Sun Jul 1, 2012, 09:41 PM
Jul 2012

Other good additives are crumbled leftover scrambled egg, cubed ham, sliced pea pods, and a tablespoon or so of sherry or rice wine.

grasswire

(50,130 posts)
7. I don't make a sauce as such
Mon Jul 2, 2012, 12:06 AM
Jul 2012

I make a tweaked version adding a pkg of chicken ramen (noodles boiled very al dente first) and its seasoning packet, and add bean sprouts at the very end, and some cashew nuts. To fry, I add grated fresh ginger and minced garlic to the oil. A bit of sesame oil toward the end.

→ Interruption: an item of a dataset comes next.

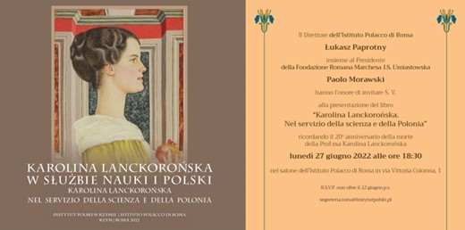 Dnia 27 czerwca 2022 w siedzibie Instytutu Polskiego w Rzymie odbyła się prezentacja, wydanej w tym roku książki, poświęconej zmarłej 20 lat temu w Rzymie Karolinie Lanckorońskiej (11.08.1898 – 25.08 2002) wybitnej ambasadorce Polski i kultury polskiej w świecie.

I know it's not classic. Classic would be (IMO) green onion, diced cha siu (BBQ pork), egg, soy.

pinto

(106,886 posts)
8. I'll echo sesame oil. Also ginger and garlic.
Mon Jul 2, 2012, 09:52 AM
Jul 2012

An FYI re: Five Spice powder - a little bit goes a long way. Have fun!

 

HopeHoops

(47,675 posts)
9. Cook it in sesame oil instead of peanut and try flavorings like dulse and cashews.
Mon Jul 2, 2012, 10:44 AM
Jul 2012

Dulse tastes really salty, but it is very low in sodium. It's packed full of trace minerals and that's why it tastes salty. Instead of soy sauce, use tamari, shoyu, or miso. If you can't handle wheat products, stay away from tamari. The three I listed have strong flavors but not as much sodium. I usually throw in mushrooms, carrots peelings, even apple chunks. Get creative. Also, try using chunk-cut firm tofu or tempeh instead of chicken. They add body, soak up the sauce, and give the rice more body. Chicken needs to be soaked out the wazoo to get it to taste like anything. A marinade of soy sauce, olive oil, and spices of your choice will help any of the chunks. It only takes an hour to be effective. The remaining liquid can be added to the rice if it needs more fluids. Also, use brown rice, not jasmine. Pre-cook it (15 minutes covered, stir once, 10 minutes covered). It will crisp up nicely in the oil. I also like to drop an egg into the mixture as it approaches completion. Old habit.



surrealAmerican

(11,362 posts)
10. Definitely ginger and garlic ...
Mon Jul 2, 2012, 03:26 PM
Jul 2012

... (fresh, if you have them), and also a bit of lemon juice - not so much that it will taste "lemony", but just enough to round out the flavor.